Co-parenting can be challenging even on the best of days. Trying to parent your child with a person you have chosen to divorce (and most likely do not even like anymore) can feel like the most unnatural thing to do, but it is typically the best thing the two of you can do for your child.
We have many clients who want to initiate a custody modification action because the current situation with their ex just is not working – for them or for the child. In many cases, a modification is certainly warranted and the situations which exist must be changed by a new court order in order to meet the best interests of the child, but that is not so in every case. Sometimes, it is the parents who need to change rather than the custody order or parenting plan.
However, once litigation is initiated, before the case can go to trial, the parties must attend a mediation session to attempt to resolve their differences (and the case) by mutual agreement. If you are, or someone you know is dealing with a difficult co-parent, these resolutions can help create a more successful mediation for the co-parenting relationship issue before taking the case all the way to trial:
Resolutions for Successful Child Custody Mediation:
- I will focus on what is within my control, rather than trying to change my ex-spouse/partner.
- I will not put forth any offer that would offend me if the other side sent it to me/my attorney.
- I will respect my child's family relationship on both sides of his/her family, and never place an unhealthy priority on only my side of the family.
- I will listen carefully to the mediator when he/she is explaining a concern expressed by my ex about our children.
- I will share all relevant information about my children's health, education and well-being that is in my possession. For example: If a doctor has recommended a particular bedtime for the child, provide the name of the doctor and the context for that recommendation.
- I will remember this mediation is more about my children's life than my own and make decisions accordingly.

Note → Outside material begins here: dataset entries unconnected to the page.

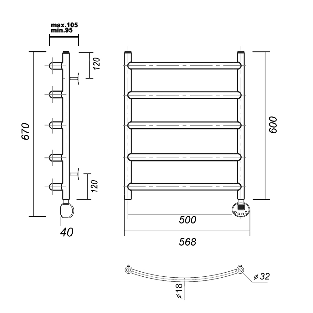 - Электрический полотенцесушитель из пищевой нержавеющей стали.
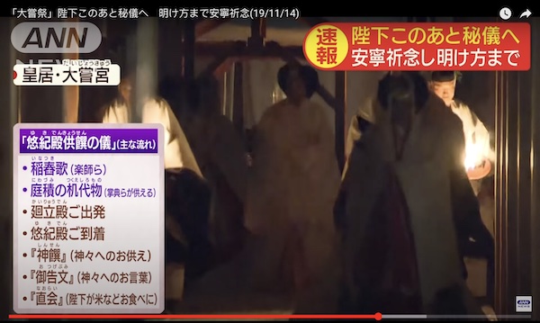 德仁天皇即位的大嘗祭過程,圖片來源:ANN NEWS Youtube 頻道
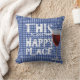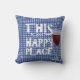 Glass of red wine with happy quote on white and blue gingham checked background.
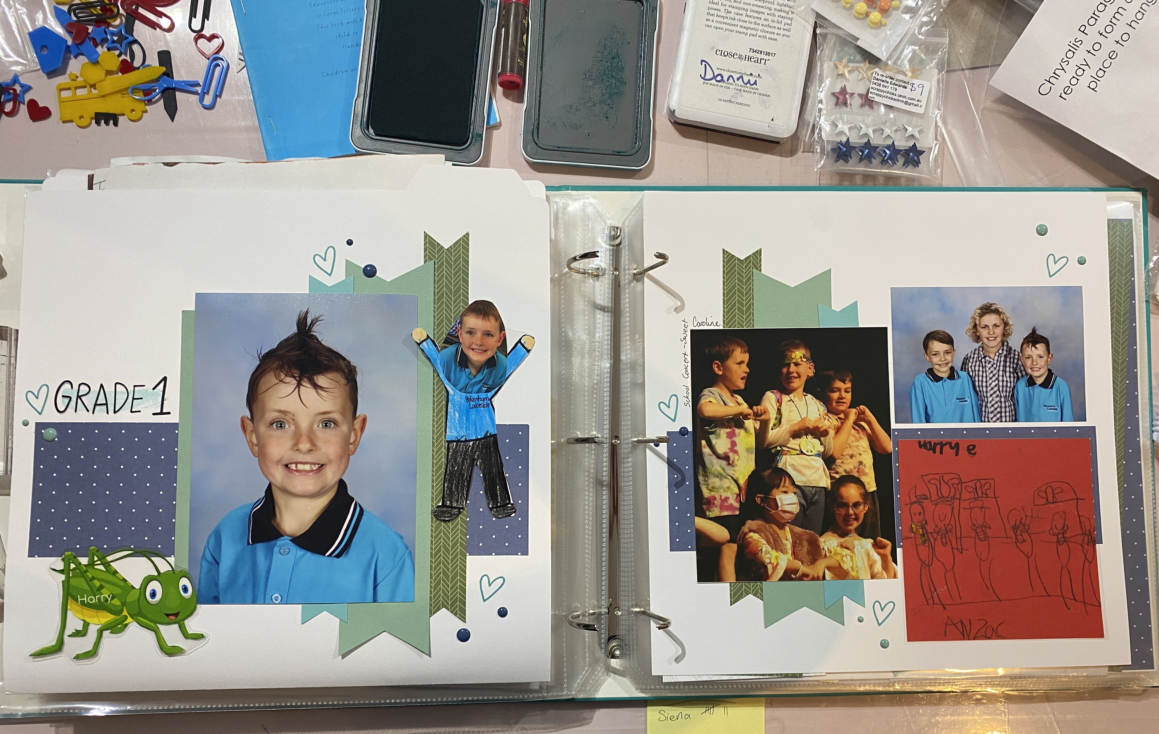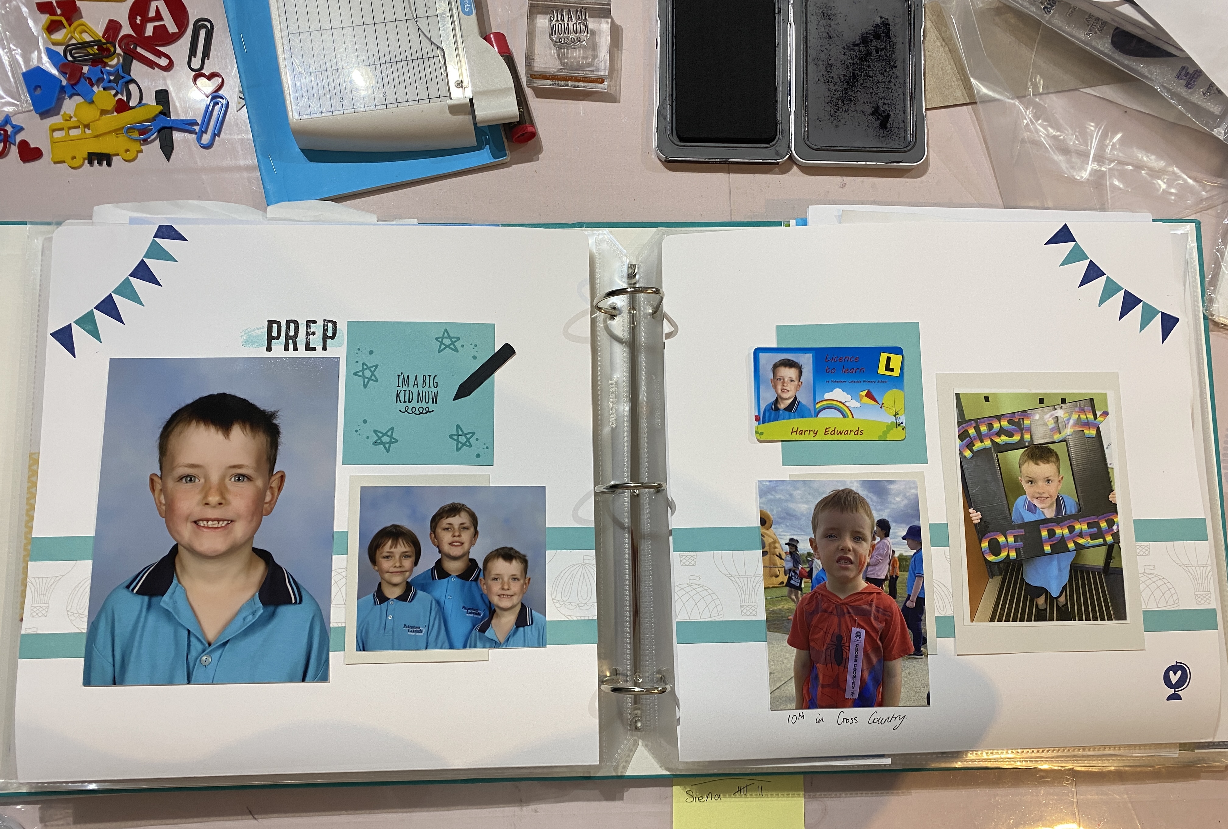 And I’ve been busy – already I’ve made 4 layouts. I’m starting with the easy things – updating the kids school albums. These are already planned and in most cases the base pages are put together – or at least cut. And going forward I’ve got a heap of layouts made that I need to put photos on, I think there are like 100 or so of those. All those beautiful layouts I’ve made as samples for classes etc and just didn’t put photos on them yet.
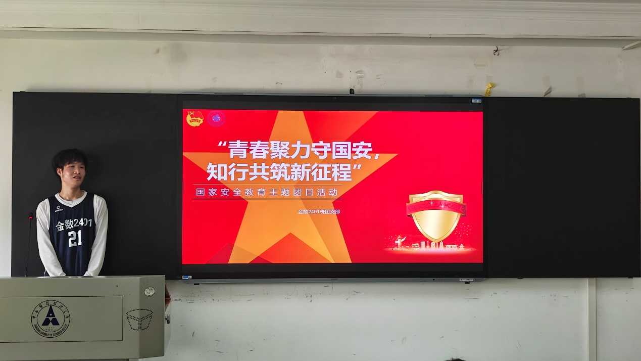 (通讯员:周官凝、吴哲垲)随着第10个全民国家安全教育日的到来,金数2401团支部迎来四月主题团日活动。为帮助同学们进一步深化国家安全的理解,增强国家安全意识,金数2401团支部于4月20日,在文津楼304教室顺利举办本次主题团日活动。本次活动由邹昀达同学担任主持人。
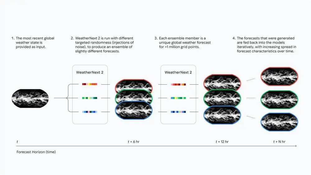 WeatherNext 2 is in staat om acht keer sneller te voorspellen voor periodes tot op één uur nauwkeurig. De input start met de recentste weergegevens wereldwijd. Doordat een Functioneel Generatief Netwerk (FGN) ‘ruis’ (noise) in zijn modelarchitectuur injecteert, creëert het voorspellingen die realistisch en met elkaar verbonden zijn. Die injectie van willekeur klinkt vreemd, maar zorgt er net voor dat je een accurater resultaat krijgt. Zo krijg je zeer juiste voorspellingen voor ‘marginals’. Dat zijn letterlijk randgevallen, met andere woorden precieze temperaturen en windsnelheden op een specifieke locatie en op een specifieke hoogte.
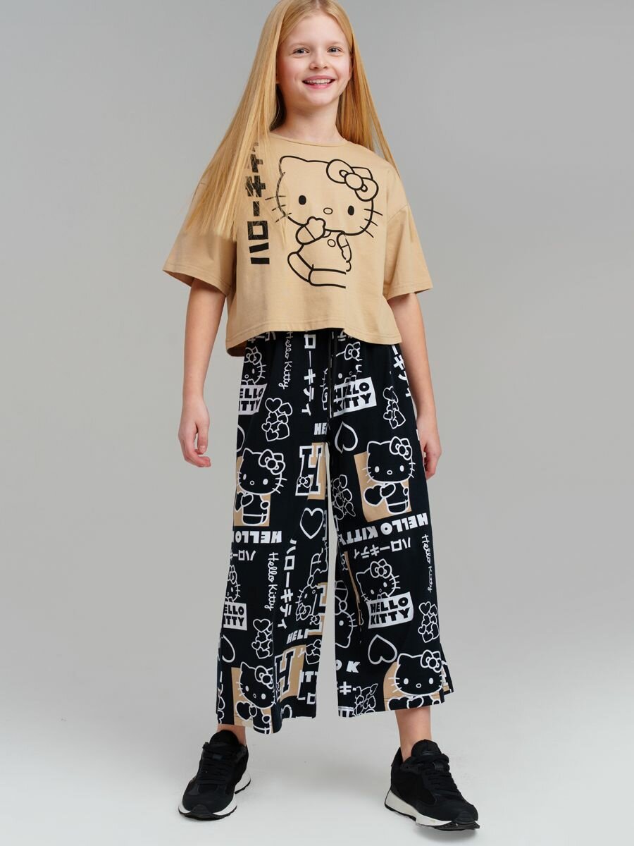 Брюки playToday, размер 158, черный, бежевый, белый 1 583 ₽
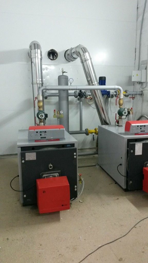 Компания ТГВ завершила монтаж промышленной котельной на дизельном топливе в строящемся торговом центре в городе Руза, котельная состоит из двухходовых стальных дизельных котлов с надувной горелкой Uncial.Modal мощностью 163 кВт, смонтированных в каскаде. Установлена цилиндрическая гидравлическая стрелка Sinus с фланцевыми патрубками, диаметром 200 мм и трехходовой клапан Termomix управляемый автоматикой Vexve AM10. В котельной используется расширительный бак Varem объемом 250 литров. От каждого котла смонтирован теплоизолированный дымоход Rosinox (диаметром 200 мм), а также вытяжная вентиляция из помещения котельной. Котельная введена в эксплуатация 14 октября 2015 года.
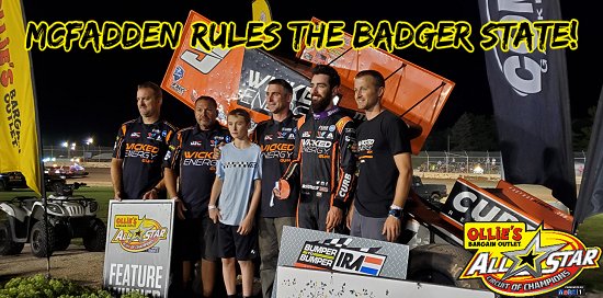 PLYMOUTH, Wis. (July 26, 2019) - Snapping an All Star winless streak that dates back to May of 2015, Brisbane, Australia’s James McFadden helped the Ollie’s Bargain Outlet All Star Circuit of Champions presented by Mobil 1, as well as the Bumper-to-Bumper IRA Outlaw Sprint Series, kick off their four-day trip through the Midwest by finding victory lane, doing so at the always-exciting Plymouth Dirt Track in Plymouth, Wisconsin, on Thursday night, July 25.

Resolutions for Successful Co-Parenting After Mediation:
- When exchanging the children, I will not make negative “entrance” or “exit” statements. For example: “Can't you ever be on time?” or “Why do you always have to feed him take-out for dinner?”
- I will not make unreasonable or illogical demands on my ex-spouse/partner. For example: Yelling at or sending angry messages to your ex when he/she is five minutes late for a visitation exchange.

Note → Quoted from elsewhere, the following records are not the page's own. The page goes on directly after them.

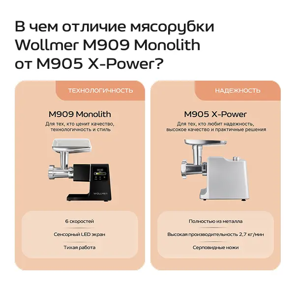 | Насадки для кеббе и колбас | ✔️ | ✔️ | ✔️ |
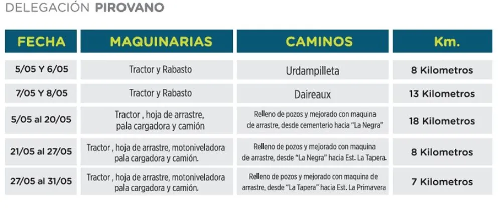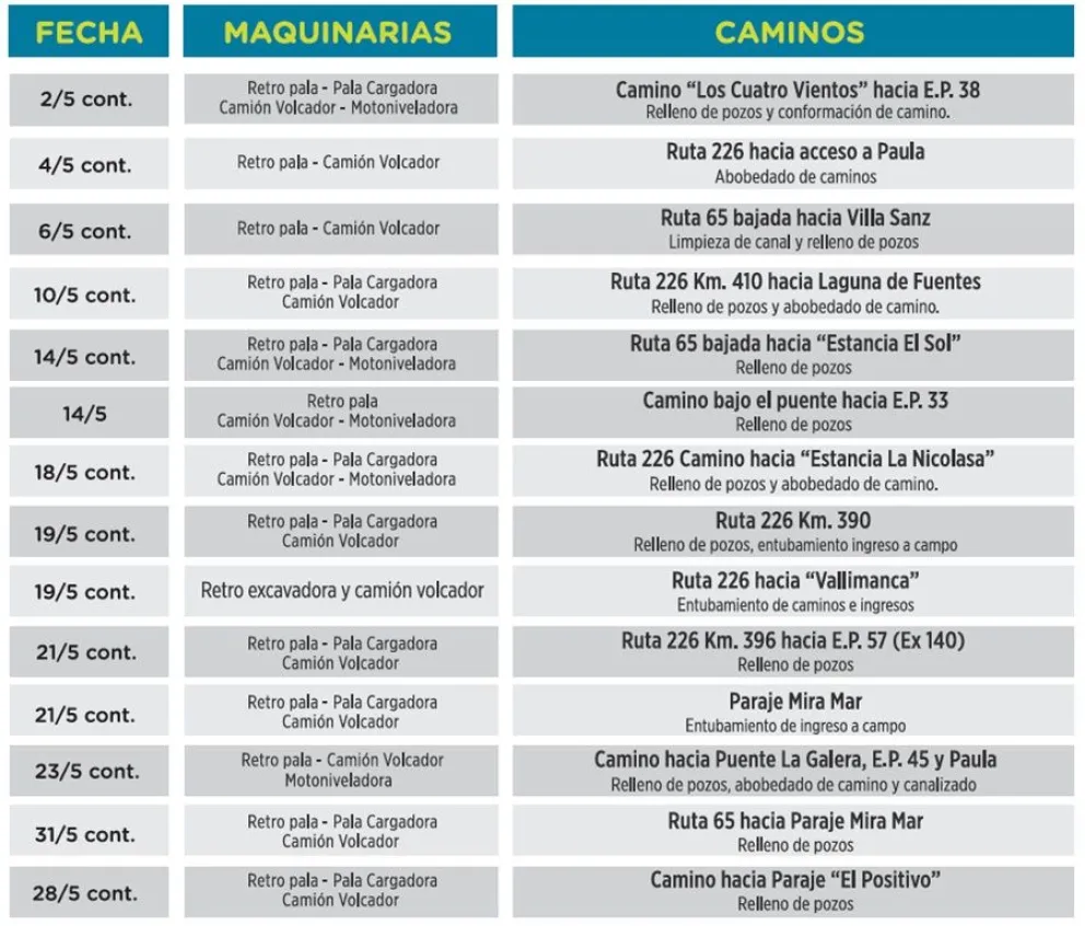 Por su parte, desde la Dirección de Vial municipal, enviaron a los medios un documento que detalla los trabajos realizados durante mayo, que incluye imágenes de las maquinarias utilizadas.
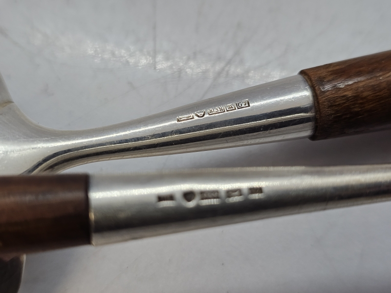 #1368 2kpl hopeisia kauhoja puuvarsilla, mm. Väinö Hamara
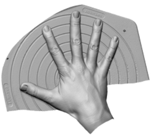 Artec Spider对手背进行了快速扫描,向我们展现了肌肤与指甲上的微妙细节。由于这是一次现场即兴演示,因此扫描时间非常短,但扫描仪也捕获到了复杂的表面细节。例如,拇指和食指间褶皱的皮肤,以及指甲盖上的隆起物。手指之间的区域也很快完成,没有出现任何额外的数字影像或噪音。

- I will abide by the parenting plan schedule for my child, but will always remain flexible for when “life happens” or when something comes up our child may want to participate in with my ex during “my time.”

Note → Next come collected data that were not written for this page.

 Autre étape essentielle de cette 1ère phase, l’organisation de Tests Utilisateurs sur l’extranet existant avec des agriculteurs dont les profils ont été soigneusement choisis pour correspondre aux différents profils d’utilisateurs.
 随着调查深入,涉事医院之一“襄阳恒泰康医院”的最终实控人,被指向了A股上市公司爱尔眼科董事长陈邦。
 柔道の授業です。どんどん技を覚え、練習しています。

- I will not discuss parenting decisions or discussions about my ex while the child is present or within earshot.
- When communicating with my ex in areas where we disagree, I will list fact-based reasons for my opinions, not emotional reasons, and will not expect him/her to respond immediately. For example: “Little Johnny had three cavities at his last dental visit and the dentist has recommended we decrease the amount of sugary snacks he eats during the week.”
While these resolutions are not a guarantee things will get better in a difficult co-parenting relationship, they will be useful in helping you enter mediation in good faith and then to manage your side of the co-parenting relationship in a healthy way for your child.